J’ai fait une liste à la maison de tous les trucs que j’aimerais avoir terminés avant qu’il arrive. Sauf qu’en vrai, y’a la moitié des trucs sur cette liste que je n’ai même pas essayé de commencer, car selon les jours, j’ai plus ou moins de motivation, et que je trouve toujours de nouvelles choses à faire. J’ai quand même réussi à récurer la salle de bain, retaper mon coussin d’allaitement, finir les valises… mais je dois aussi faire de jolis nuages en papier pour sa chambre, et ça, allez savoir pourquoi, j’ai même pas encore tenté de commencer.

C’est long d’attendre, surtout qu’il y a 3 semaines de ça, on a failli me faire une belle entaille en milieu du ventre pour mettre au monde notre Tout Petit, on est passé à un cheveu. Alors certes, je ne vais pas me plaindre que ça n’est pas eu lieu, car j’ai vraiment la trouille de ne pas accoucher par « voie basse« , ce serait pour moi comme un accouchement raté. J’ai adoré mettre au monde mes deux premiers, et j’aurais l’impression de ne pas avoir mérité mon bébé (oui je sais, c’est un peu bête dit comme ça…). Mais en attendant, ça fait trois semaines que je suis rentrée chez moi en me demandant chaque jour si ça allait être le bon, alors qu’au final je n’aurais peut-être pas été si impatiente sans ce petit séjour express en maternité.

Contenir son impatience

Depuis le 1er Avril, je ressens tous les soirs, ou presque, voire même parfois dans la journée, de sacrées contractions. Si la plupart du temps elles ne sont pas très douloureuses, ou en tout cas supportables, elle n’en sont pas moins régulières, et durent parfois des heures. Cela fait donc 25 jours, qu’à chaque contraction je me dis « c’est pour aujourd’hui » et qu’au bout de quelques temps, l’excitation retombe comme un soufflet. Papa Choux est à peu près dans le même état d’épuisement que moi, à subir tout ces ascenseurs émotionnels. Autant au début nous en riions, autant depuis quelques jours nous sommes complètement blasés. Je ne compte même plus les contractions.
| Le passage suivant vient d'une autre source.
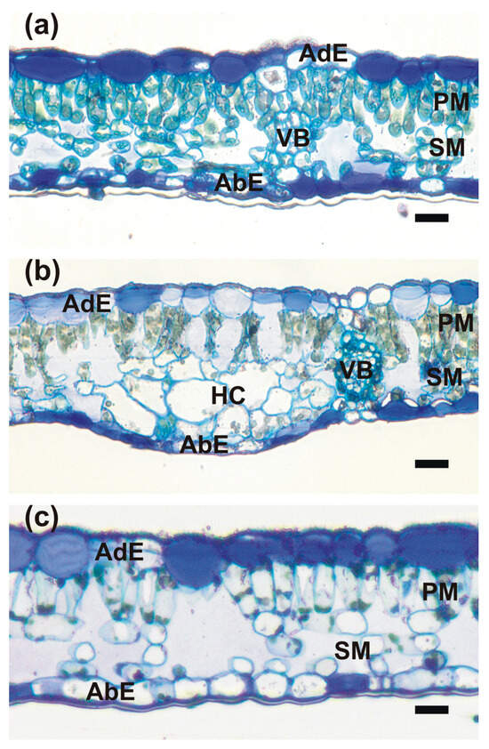 Figure 2. Light microscopy images of Toluidine Blue-stained sections taken from the following: (a) mature summer leaf; (b) ‘green island’ induced on autumn senescent leaf; (c) the yellow area of a senescent leaf. Abbreviations: AbE, abaxial epidermis; AdE, adaxial epidermis; HC, hypertrophied cells; PM, palisade mesophyll; SM, spongy mesophyll; VB, vascular bundle. Scale bars: 20 μm.

J’avais décidé de marcher (en plus, la météo a été très favorables ces derniers jours), ce que nous avons donc fait, et plutôt de belles et longues promenades. J’ai fait du ménage, ma maison est propre comme un sou neuf. Je fais même quelques étirements et assouplissements du bassin en attendant l’arrivée de bébé… mais là, j’ai l’impression d’avoir épuisé toutes les ressources pour passer le temps, et éventuellement aider Chouki à venir plus vite. Je réalise que c’est lui qui choisira quand se pointer, alors je m’en retourne à mes activités calmes et posées en attendant qu’il se décide.

Opter pour le moins pire

Pour Chouchou, première grossesse, je ne me souviens pas d’avoir été si impatiente, j’ai attendu qu’il arrive, et puis c’est tout. Pour Chouquette, j’étais moralement à bout : avec les fêtes de Noël qui approchaient, moi qui pensais « accoucher en avance » vu que c’était une petite deuxième (merci les adages pourris de grand-mère qu’on te rabâche pendant des semaines et que tu te mets en tête pour rien)… tout semblait traîner en longueur. En plus Papa Choux était bloqué du dos à la fin (début de nos mésaventures herniesques), alors tout m’énervait, c’était moi qui était censée être chouchoutée, pas lui. Bref, quand la sage-femme a déposé Chouquette sur mon ventre ce 18 Décembre, je n’ai eu le temps de dire que « Qu’est-ce qu’elle ressemble à son frère, elle est belle ! » que je fondais en larme. J’ai passé 15 minutes à pleurer sans discontinuer, d’émotion, de soulagement, la pression retombait, tout s’était très bien passé et j’étais libérée de cette attente.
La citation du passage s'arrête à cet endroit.